Render method of the class loads the view files and injects view data into the view, and writes that result into a text writer.

Before use, custom view engine is required to register view engine into Global.asax file using the following code:

protected void Application_Start()
 {
       AreaRegistration.RegisterAllAreas();

       RegisterGlobalFilters(GlobalFilters.Filters);
       RegisterRoutes(RouteTable.Routes);

       //Register your View Engine Here.
       ViewEngines.Engines.Add(new MyViewEngine());
}

Now create a controller file into controller folder named myViewController and define index action into the controller.

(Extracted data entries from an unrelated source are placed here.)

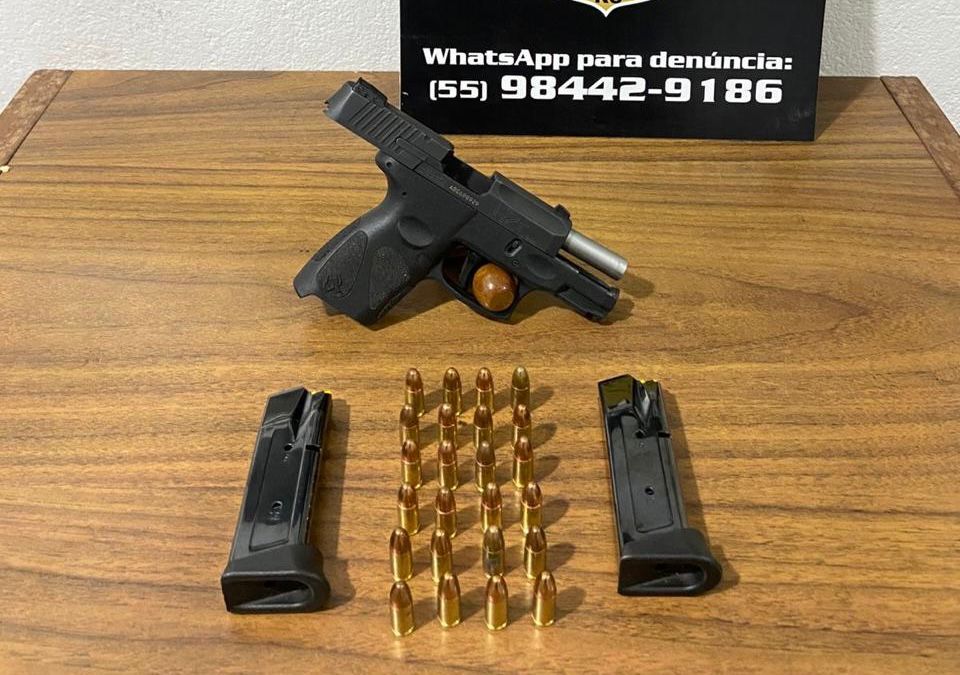 Durante buscas no endereço da família, os policiais localizaram uma pistola G2c 9mm, dois carregadores com 24 munições, sendo constatado que a arma era furtada em 2024, na localidade do Tupanci, interior da cidade.
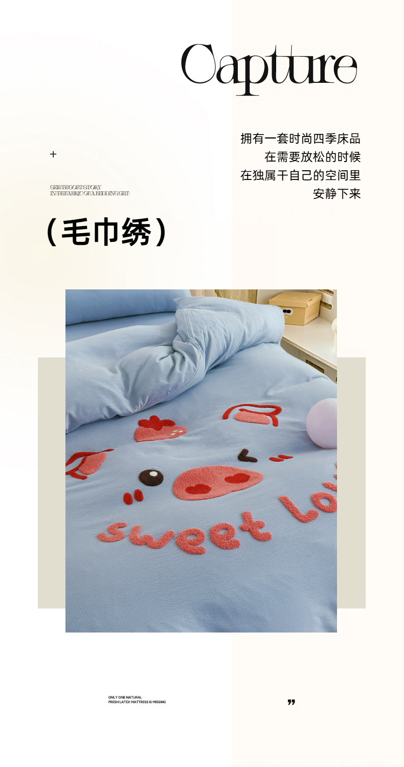 当前位置: 91家纺网 > 商品网购 > 床品套件 > 四件套 > 毛巾绣四件套 > 恋之语 2025新款皱皱纱木棉毛巾绣四件套及单被套系列-可爱猪 可爱猪-米白
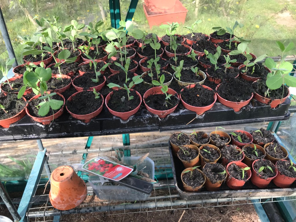 Peas and Mangetout are coming along. I’ve poked extra seeds into the pots where they haven’t germinated and the chilli’s that I started rather late on the window sill at home have been transplanted into individual pots. 15 chilli plants poked amongst the tomatoes should see us in chilli’s for the year.
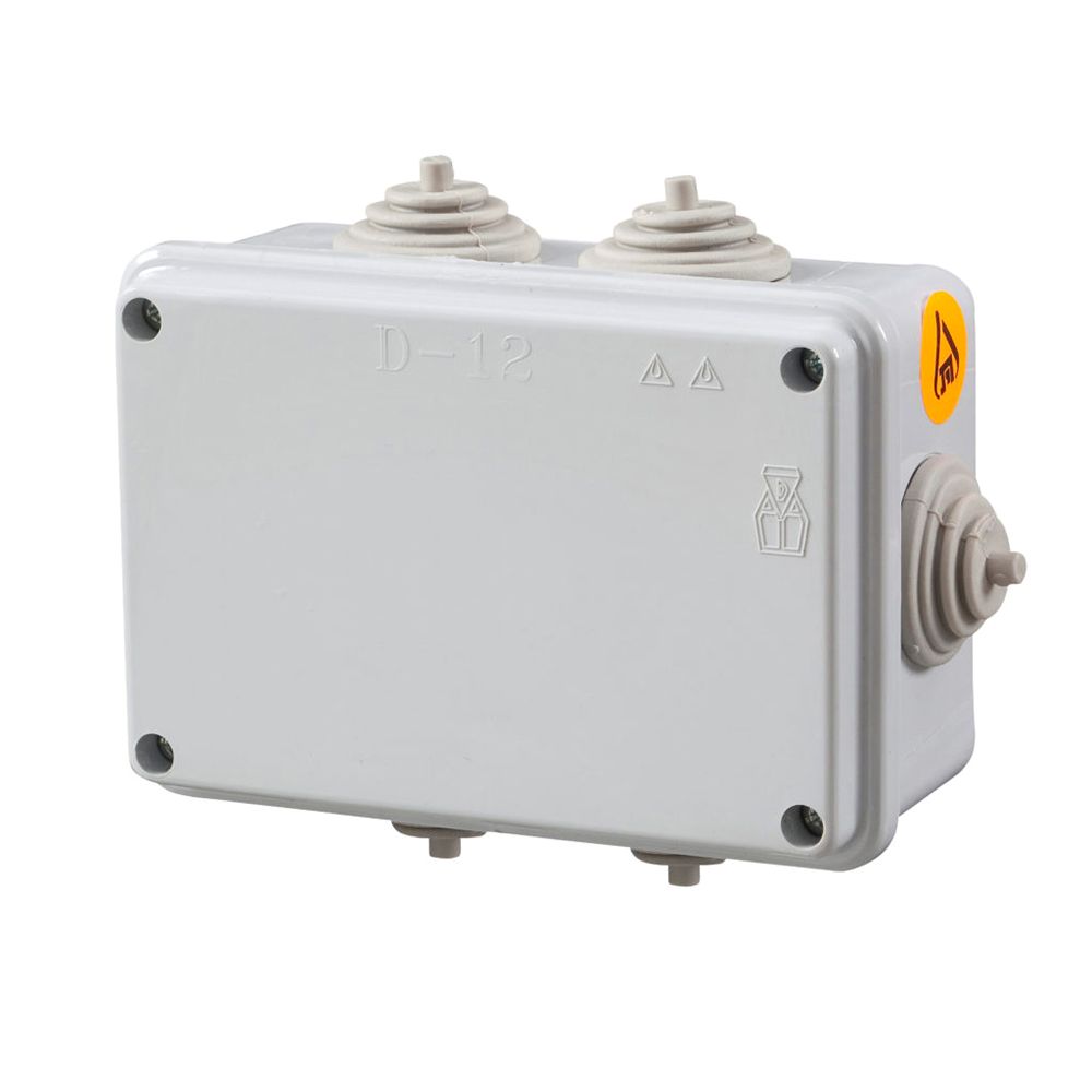 קופסת התקנה חיצונית דגם D-12 בצבע אפור, במידות 120x80x50 מ"מ, עם פיטמות. עמידה בדרגת אטימות IP55. מיוצרת בישראל ומגיעה עם תו תקן ישראלי.
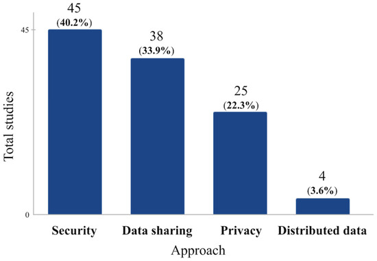 It is important to note that most of the studies considered more than one of these approaches; for example, they sought to solve problems of privacy and security, data sharing and security, and distributed data and privacy. We therefore sought to select the one that was most relevant to the problem that this work set out to solve. In cases where the focus was on more than one of the approaches and there were insufficient criteria to choose just one of them, the studies were related to more than one, i.e., two approaches were counted.
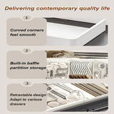 ERWEITERBARES DESIGN - Die Organizer verfügen über ein innovatives erweiterbares Design, das es Ihnen ermöglicht, die Länge anzupassen, um unterschiedlichen Schrank- oder Schubladengrößen gerecht zu werden und jedes Mal eine perfekte Passform zu gewährleisten.
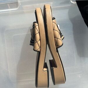 Elegant Chanel sandals with quilted tan and black design. Perfect blend of style and comfort.
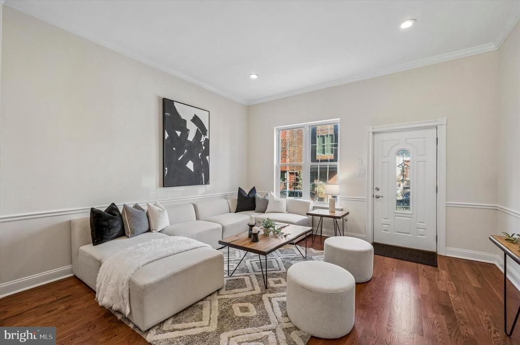Welcome to 1630 Fitzwater Street — a thoughtfully designed residence offering four levels of expansive, comfortable living in the heart of Philadelphia. Blending style, functionality, and modern convenience, this home is perfectly suited for today’s lifestyle, featuring multiple flexible living spaces, oversized bedrooms, generous walk-in closets, a finished basement, and two exceptional outdoor areas. The main living level welcomes you with an open, airy layout enhanced by 9-foot ceilings, recently refinished hardwood floors, and refined architectural details including chair rail and crown molding. A gas fireplace serves as a warm focal point in the living room, while a centrally positioned staircase creates a natural flow between the living, dining, and kitchen spaces without compromising the open-concept design. The dining area comfortably accommodates a table for eight beneath a statement chandelier and offers additional functionality with a coat closet—ideal for pantry overflow—and breakfast bar seating. Just beyond, the beautifully updated kitchen impresses with sleek quartz countertops, stainless steel appliances, a gray subway tile backsplash, and rich blue cabinetry that adds a sophisticated pop of color. A conveniently located powder room completes this level. Sliding glass French doors open to a composite deck and lower patio with planting beds and a dedicated grilling area—creating a seamless indoor-outdoor living experience perfect for entertaining. The second level features two generously sized bedrooms with custom, deep closets, along with a versatile bonus space ideal for a home office, den, playroom, or reading nook. A full laundry room on this floor adds everyday ease and practicality. Occupying the entire top level, the bright and airy primary suite is a true retreat. It boasts two walk-in closets, an additional flex space, and a spacious en-suite bath complete with a marble-topped double vanity, a walk-in shower with Carrara marble surround, and a separate jetted soaking tub. Crowning the home is a maintenance-free composite roof deck offering sweeping views of the Center City skyline—an exceptional setting for relaxing evenings. The finished basement provides even more flexible living space, ideal for a media room or home gym. Additional highlights include two high-efficiency HVAC systems (installed in 2021) providing dual-zone comfort and offering peace of mind for years to come. Ideally located, this home is just a short stroll to Rittenhouse Square, the Avenue of the Arts, South Street West, and a variety of public transportation options—placing the very best of the city right at your doorstep.
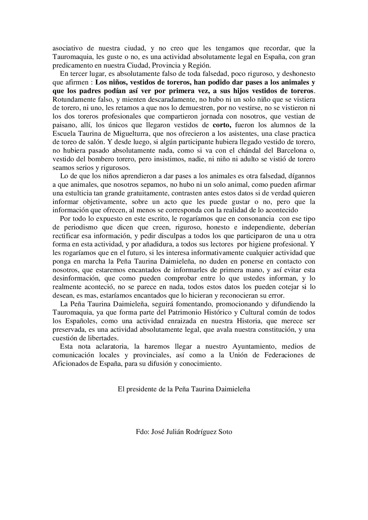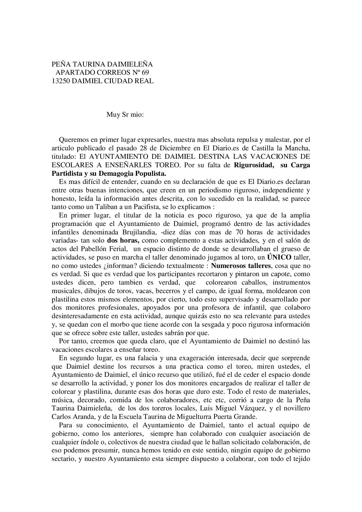 Carta emitida por la prestigiosa entidad Peña Taurina Daimieleña a eldiario.es de Castilla la Mancha

Your controller class will look like below:

public class myViewController : Controller
 {
      //
     // GET: /myView/
     public ActionResult Index()
     {
         ViewData["Message"] = "Hello World!";
         return View();
     }
}

Now add the simple HTML File into View/MyView/ folder and give the name of the file like index.myview. Your view file markup looks like below:

<html>
<head>
             <title>Index MyView </title>
</head>
<body>{message}
</body>
</html> 

Now run the application and type URL /MyView /Index. You will get output of the Hello World! into the browser. The MyView class loads the index.myview file and replaces {message} with hello world! and renders the HTML Page.

Conclusion

After developing Custom View Engine, we can say that MVC team has done an awesome job at providing a very flexible framework for us to tweak and customize it so it fits our applications.